• _WORK ITEM_:
Starting at the first line of the records below, reproduce every line up to and including the line with "Subsequently, the Helgoland", but leave out all pictures.

DATA: Begin

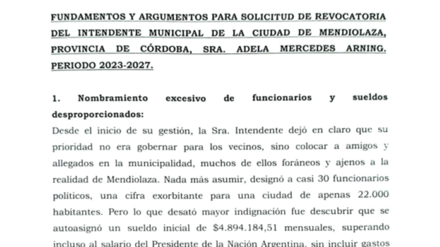 Uno de los principales motivos señalados es el crecimiento desmesurado de la planta política y los sueldos que según entiende Dalmazzo, serían desproporcionados. “Nada más asumir, designó a casi 30 funcionarios políticos, una cifra exorbitante para una ciudad de apenas 22.000 habitantes. Pero lo que desató mayor indignación fue descubrir que se autoasignó un sueldo inicial de 4.894.184 pesos mensuales, superando incluso el salario del presidente de la nación argentina, sin incluir gastos de representación”, señala el documento.
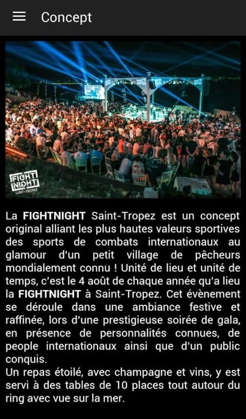 The fightnight Saint-Tropez merupakan konsep asli menggabungkan nilai-nilai olahraga tertinggi internasional glamor olahraga tempur dari desa kecil yang dikenal orang-orang berdosa di seluruh dunia! Kesatuan tempat dan satuan waktu, yaitu pada tanggal 4 Agustus setiap tahun yang mengambil menempatkan fightnight di Saint-Tropez. Acara ini berlangsung dalam suasana yang meriah dan nyaman pada gala malam bergengsi di hadapan kepribadian dikenal, selebriti internasional dan penonton terpesona.
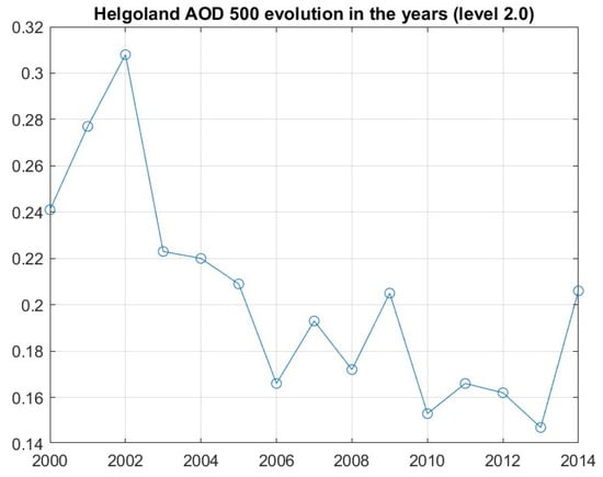 Subsequently, the Helgoland station AODs were investigated (Figure 4). These analyses provide insight into the southwest region of the Baltic. As shown in Figure 4, it is evident that between 2000 and 2014, there is a clear decrease in the AOD_500 values in Helgoland.
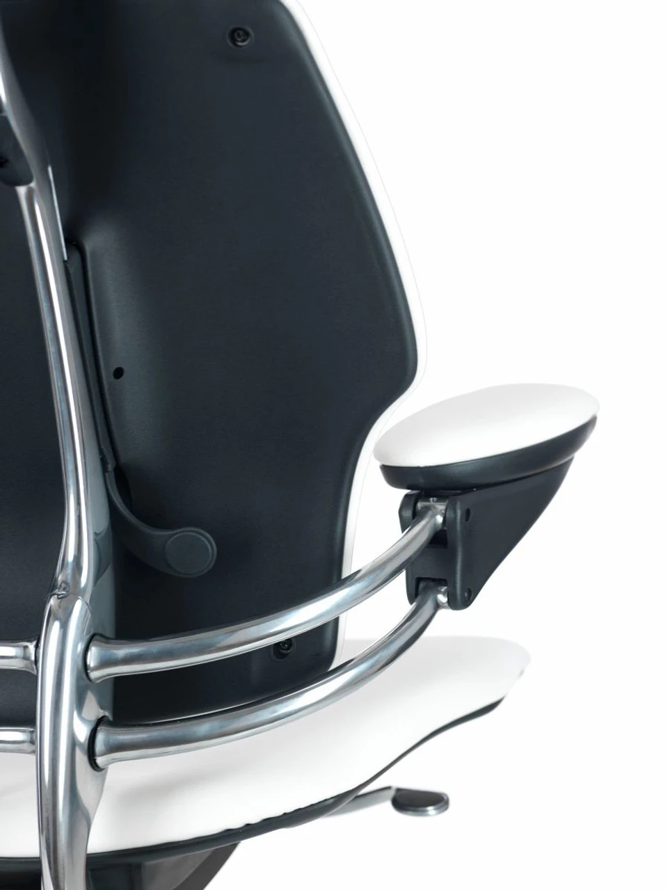 Arms- All Freedom task chair ‘Standard’ arms have a height adjustment range of 6″. Humanscale Freedom chairs have a natural lift and release action with no buttons or engagement switches to fail or fuss with. Unlike other office chairs, they are attached to the back so that when you recline the arms stay with you. The ‘Advanced’ arms carry the same functionality but the arm caps slide in and out for width adjustability. The arm caps are done in a variety of ways. The most popular version is the Duron arm that has a soft and pliable black self skinned rubberized cap. The gel arm has a layer of gel but is capped off with the Duron material.
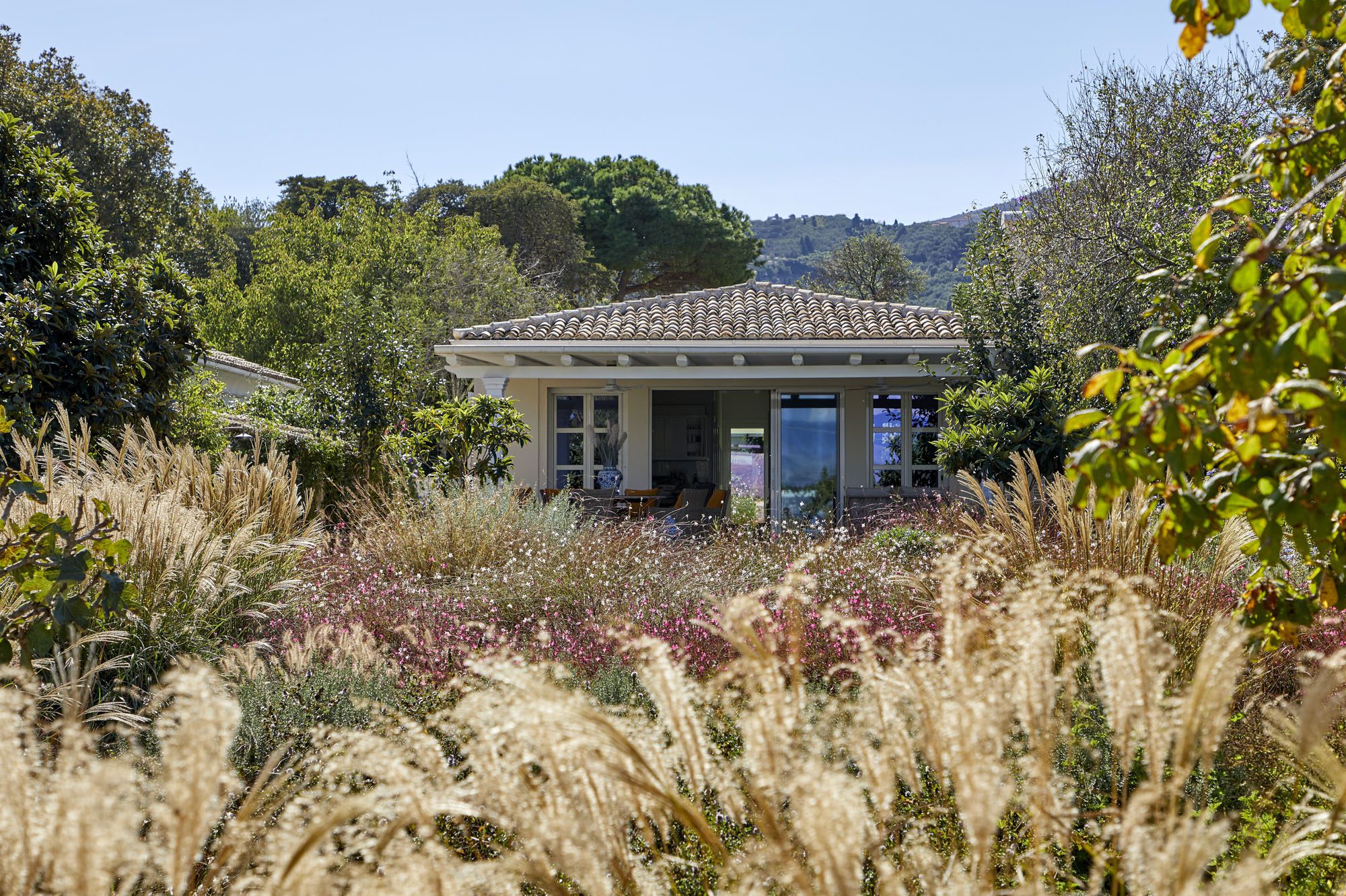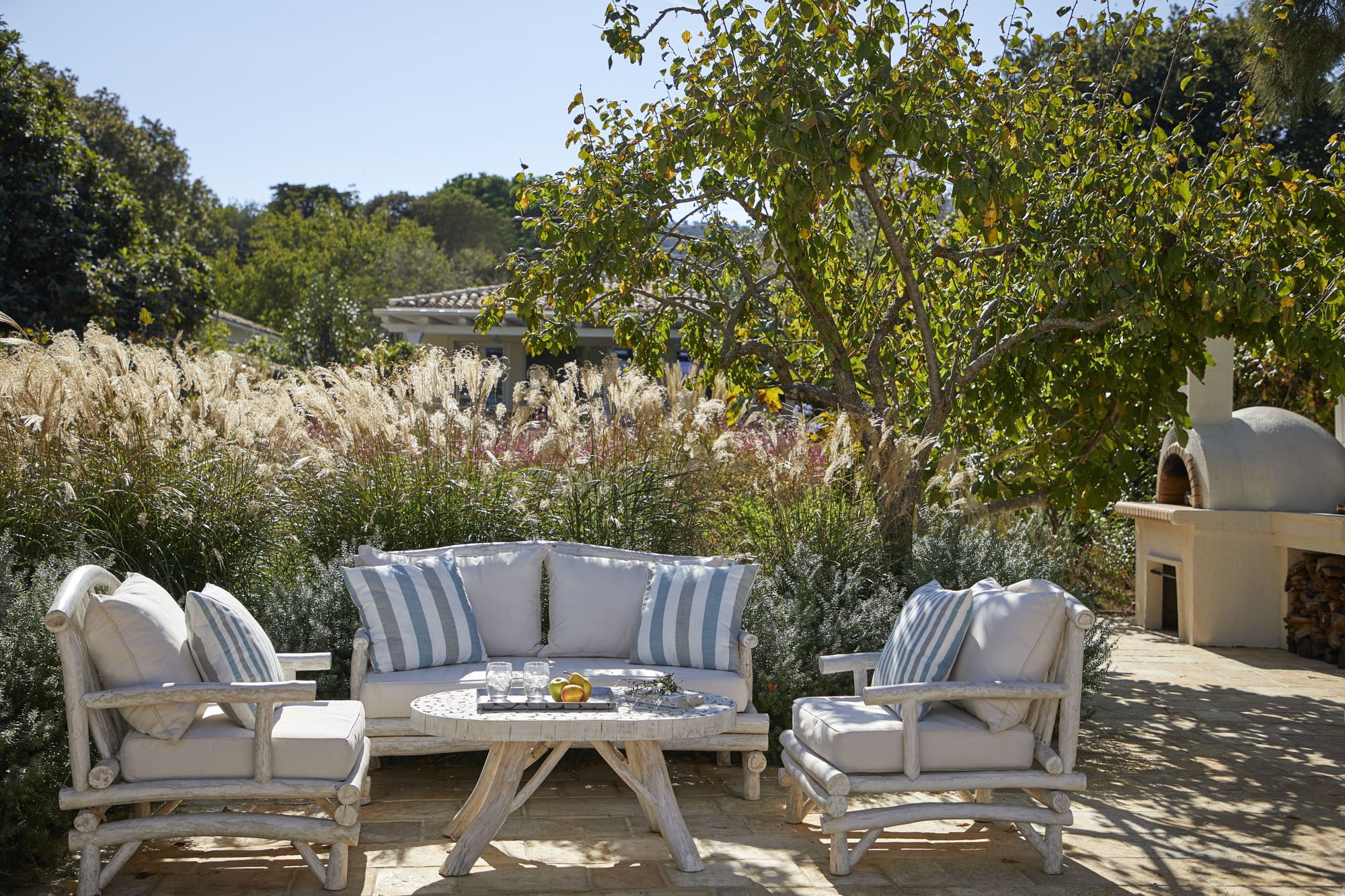 The comfortable, airy interiors have a classic, coastal style, beautifully decorated predominantly in blues and whites with exposed, bleached wood ceilings. The larger house has a chic, white sitting/dining room with French doors opening to a dreamy shaded terrace and steps to the gardens. The second cottage also has a kitchen and living room area, whilst the third has a good-sized ensuite bedroom. All feel nicely screened, nestled within the well-established gardens.

DATA: End

• _RESULT_:
 Uno de los principales motivos señalados es el crecimiento desmesurado de la planta política y los sueldos que según entiende Dalmazzo, serían desproporcionados. “Nada más asumir, designó a casi 30 funcionarios políticos, una cifra exorbitante para una ciudad de apenas 22.000 habitantes. Pero lo que desató mayor indignación fue descubrir que se autoasignó un sueldo inicial de 4.894.184 pesos mensuales, superando incluso el salario del presidente de la nación argentina, sin incluir gastos de representación”, señala el documento.
 The fightnight Saint-Tropez merupakan konsep asli menggabungkan nilai-nilai olahraga tertinggi internasional glamor olahraga tempur dari desa kecil yang dikenal orang-orang berdosa di seluruh dunia! Kesatuan tempat dan satuan waktu, yaitu pada tanggal 4 Agustus setiap tahun yang mengambil menempatkan fightnight di Saint-Tropez. Acara ini berlangsung dalam suasana yang meriah dan nyaman pada gala malam bergengsi di hadapan kepribadian dikenal, selebriti internasional dan penonton terpesona.
 Subsequently, the Helgoland station AODs were investigated (Figure 4). These analyses provide insight into the southwest region of the Baltic. As shown in Figure 4, it is evident that between 2000 and 2014, there is a clear decrease in the AOD_500 values in Helgoland.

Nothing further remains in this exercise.